REQUIRED ACTION:
Starting at the line below that contains "Как писала газета" and ending at the line that contains "RETROSPETTIVA JAMES COBURN", retype each line exactly as it stands, but omit the pictures.

DATA SUPPLIED:
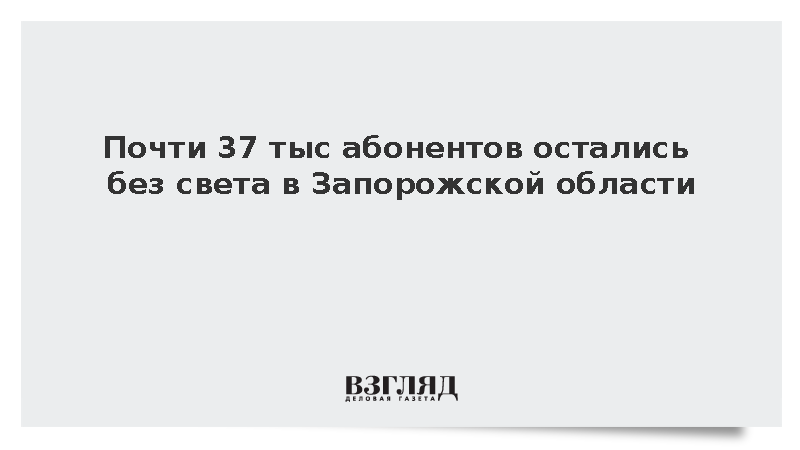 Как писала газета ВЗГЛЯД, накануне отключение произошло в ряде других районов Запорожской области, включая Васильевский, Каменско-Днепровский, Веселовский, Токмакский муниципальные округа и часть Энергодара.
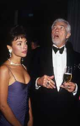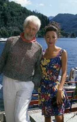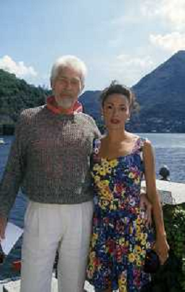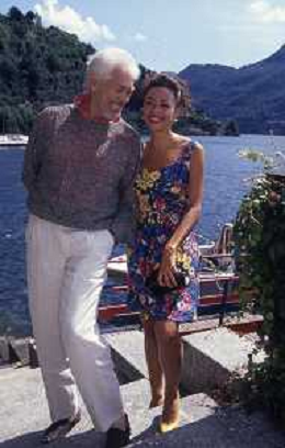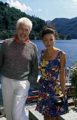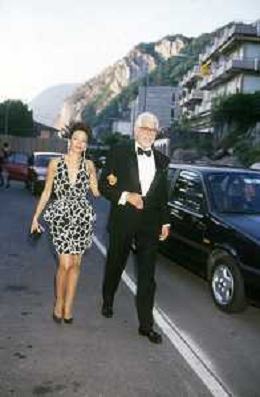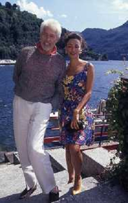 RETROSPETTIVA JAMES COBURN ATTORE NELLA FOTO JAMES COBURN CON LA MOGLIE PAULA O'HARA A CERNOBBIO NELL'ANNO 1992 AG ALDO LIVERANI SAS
==
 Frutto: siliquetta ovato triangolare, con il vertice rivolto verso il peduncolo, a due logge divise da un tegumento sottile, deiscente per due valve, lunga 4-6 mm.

EXERCISE OUTPUT:
 Как писала газета ВЗГЛЯД, накануне отключение произошло в ряде других районов Запорожской области, включая Васильевский, Каменско-Днепровский, Веселовский, Токмакский муниципальные округа и часть Энергодара.
 RETROSPETTIVA JAMES COBURN ATTORE NELLA FOTO JAMES COBURN CON LA MOGLIE PAULA O'HARA A CERNOBBIO NELL'ANNO 1992 AG ALDO LIVERANI SAS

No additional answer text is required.